Problem: Return the data verbatim, without pictures.

Input data:

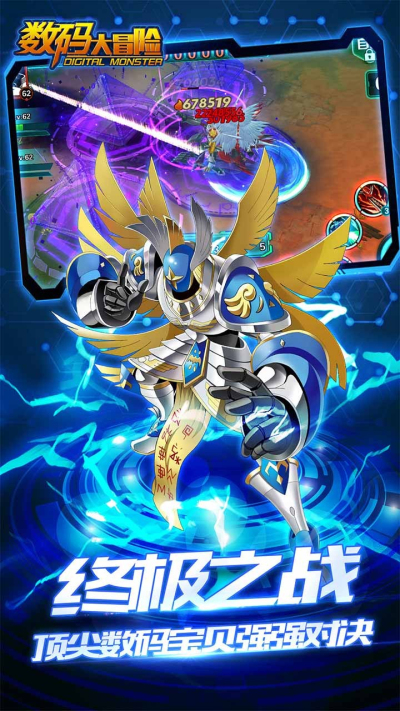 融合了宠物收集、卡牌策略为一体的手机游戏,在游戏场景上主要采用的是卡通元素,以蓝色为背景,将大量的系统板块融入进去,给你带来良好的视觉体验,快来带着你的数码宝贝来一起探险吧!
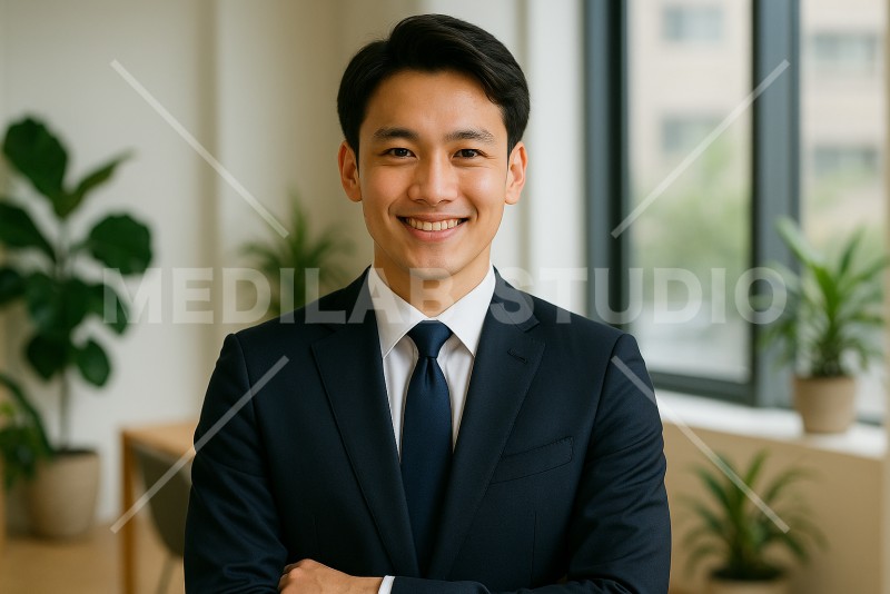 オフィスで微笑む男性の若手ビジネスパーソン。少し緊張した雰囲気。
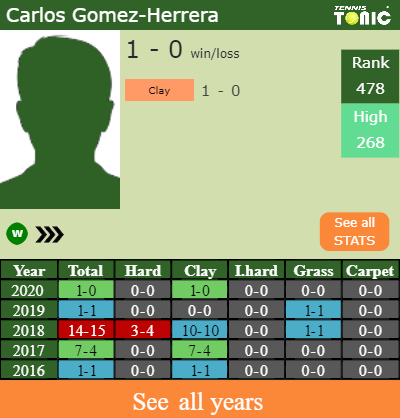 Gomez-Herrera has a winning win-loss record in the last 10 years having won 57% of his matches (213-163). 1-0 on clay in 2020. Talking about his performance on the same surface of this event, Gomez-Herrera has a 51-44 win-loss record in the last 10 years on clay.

Answer area:
 融合了宠物收集、卡牌策略为一体的手机游戏,在游戏场景上主要采用的是卡通元素,以蓝色为背景,将大量的系统板块融入进去,给你带来良好的视觉体验,快来带着你的数码宝贝来一起探险吧!
 オフィスで微笑む男性の若手ビジネスパーソン。少し緊張した雰囲気。
 Gomez-Herrera has a winning win-loss record in the last 10 years having won 57% of his matches (213-163). 1-0 on clay in 2020. Talking about his performance on the same surface of this event, Gomez-Herrera has a 51-44 win-loss record in the last 10 years on clay.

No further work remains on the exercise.